Mrs. Frances Dunlop of Dunlop, Patron and correspondent of Robert Burns. She was the daughter and sole heiress to Sir Thomas Wallace of Craigie.

In the 1730s, Craigie House (NGR NS 34970 21386) in Ayr was built as a replacement residence for Sir Thomas Wallace of Newton-on-Ayr Castle, the fifth baronet; nothing of Newton Castle, previously known as Sanquhar, now remains. In 1783 William Campbell, who made his fortune in India, purchased the principal portion of the Craigie estate. His brother, Richard Campbell of Craigie inherited the estate in 1823 and the property remained in the Campbell family for a number of generations. The family included lawyers and politicians, one being the Member for the Ayr Burghs.

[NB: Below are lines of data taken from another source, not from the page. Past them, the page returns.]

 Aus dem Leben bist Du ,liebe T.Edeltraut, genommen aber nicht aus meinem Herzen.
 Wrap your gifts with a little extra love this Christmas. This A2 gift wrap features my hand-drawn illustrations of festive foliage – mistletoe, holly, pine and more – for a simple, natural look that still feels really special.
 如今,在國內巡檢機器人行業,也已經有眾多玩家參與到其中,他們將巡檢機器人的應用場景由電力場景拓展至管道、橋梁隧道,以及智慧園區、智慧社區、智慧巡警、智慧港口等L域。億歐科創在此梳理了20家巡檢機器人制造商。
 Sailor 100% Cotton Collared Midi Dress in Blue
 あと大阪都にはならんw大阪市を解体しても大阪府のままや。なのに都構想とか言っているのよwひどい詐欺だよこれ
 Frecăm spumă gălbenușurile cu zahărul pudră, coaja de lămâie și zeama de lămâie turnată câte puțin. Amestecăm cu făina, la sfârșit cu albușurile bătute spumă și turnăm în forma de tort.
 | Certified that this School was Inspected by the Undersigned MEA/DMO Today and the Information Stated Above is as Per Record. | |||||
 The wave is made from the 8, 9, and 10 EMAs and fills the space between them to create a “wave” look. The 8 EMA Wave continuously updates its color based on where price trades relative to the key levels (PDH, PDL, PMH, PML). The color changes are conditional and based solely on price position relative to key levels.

Craigie House and estate was purchased from the Campbell family by Ayr Town Council in 1940. The gardens that run from the centre of Ayr northeast alongside the River Ayr are open to the public free of charge, however the house is used as offices for the University of the West of Scotland and various building works are proposed for the gardens area.

== Newton-on-Ayr Castle or Sanquhar Castle ==
The Wallaces constructed this castle, previously known as Sanquhar, circa the 15th century, however James V granted it to Sir William Hamilton, Provost of Ayr in 1539. William Hamilton of Sanquhar became a favourite of Regent Arran and Captain of Edinburgh Castle. His daughter Isobel married George Seton, 7th Lord Seton in August 1550 and the wedding feast was held at Edinburgh Castle. Inventories of Newton Sanquhar castle mention the fine carved furniture made in the "most courtly manner" that Hamilton had installed.

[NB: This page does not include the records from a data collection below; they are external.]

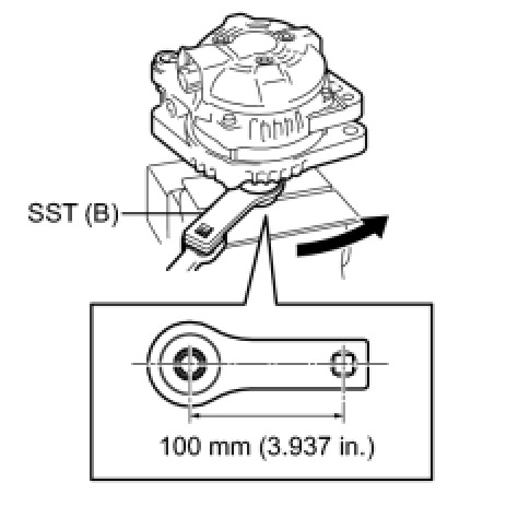 (f) Tighten the pulley by turning SST (B) in the direction shown in the illustration.
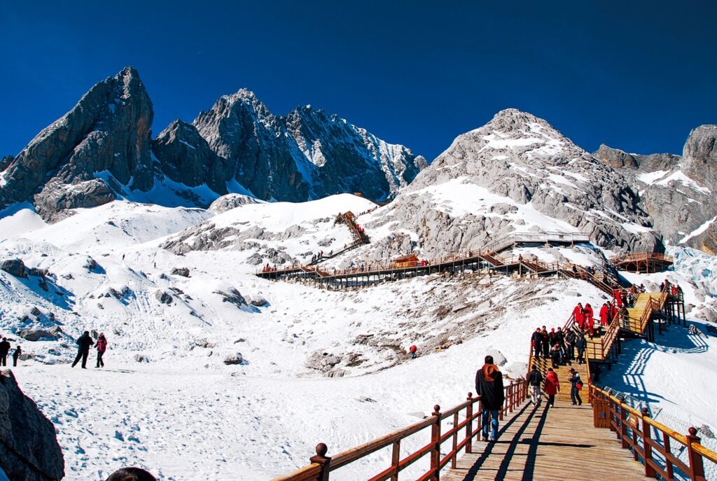 - Khu Núi tuyết Ngọc Long: Quý khách đi cáp treo nhỏ lên thăm Vân Tam Bình – độ cao 3200 m ngắm cảnh đẹp Núi tuyết Ngọc Long - ngọn núi cao 5596 m tuyết phủ quanh năm. Phần băng vĩnh cửu ánh lên một màu xanh như ngọc. Lại gọi đây là núi trinh nữ vì cho đến nay con người chưa một lần chinh phục được nó. (Bao gồm cáp treo lên đỉnh Vân Sơn Bình)
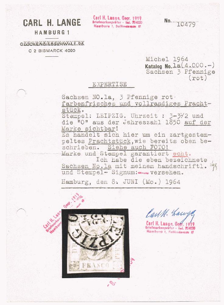 | Zusatzinformationen und Suchstichworte: | Sachsen Mi-Nr. 1a Herkunft: Auktionshaus Grobe, 189. Auktion (Oktober 1985), Los 3550, Ausruf 2.200,00 DM, Zuschlag 2.100,00 DM. Weiteres Attest zu dieser Briefmarke: https://www.briefmarken-atteste.de/atteste/zeigen/2257 |
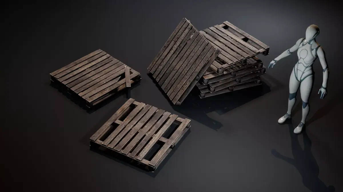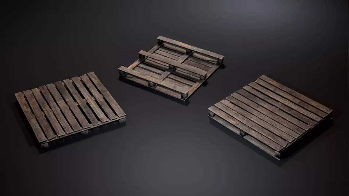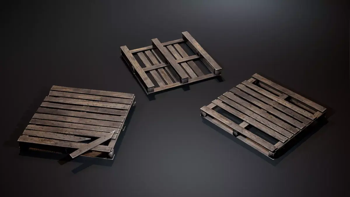 The Wooden Pallet Set includes three game-ready wooden pallets with different levels of wear: from almost new to heavily damaged. These props are perfect for industrial environments, warehouses, loading areas, construction sites, post-apocalyptic settings, or any scene that needs realistic wooden clutter. Use these pallets to quickly populate industrial scenes with believable and detailed environmental props.
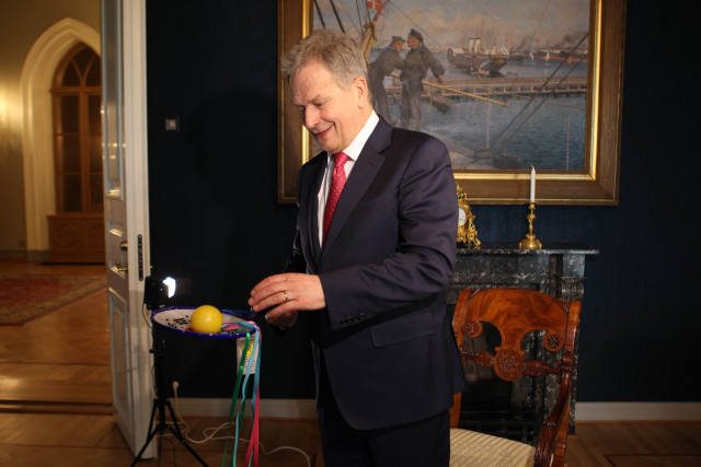 4月3日,赫爾辛基,芬蘭總統(tǒng)尼尼斯托看到新華社記者贈送的太極柔力球高興得親自玩了幾下。(新華社記者張璇攝)

John Wallace of Craigie with forty others forcefully regained the castle in 1559 but were compelled to return it to the Hamiltons. It was returned to John Wallace of Burnbank, but was then occupied in 1587 by James Stewart, Earl of Arran, now called "James Stewart of Sanquhar", his brother Harry Stewart, and his wife Elizabeth Stewart, Lady Lovat.

In 1598 the Wallaces confirmed their ownership and moved in shortly after. The castle was severely damaged in a storm in 1701 and was finally demolished in the second half of the 18th century. Nothing of the tower now remains.

==Micro-history==
The Eglinton Hunt regularly visited Craigie's hill, cover, knowes and glens in the 1900s. A kill resulted in a meal for the dogs and the bushy tail presented to the first lady.

The small loch below the manse was used as the curling pond in the 1900s; the curling house ruins are still standing (2009).

In 1584 William Wallace of Ellerslie held the lands of Mains of Helentoun and Bogend, together with the tower, fortalice, and manor place of Helenton, together with half of the mill.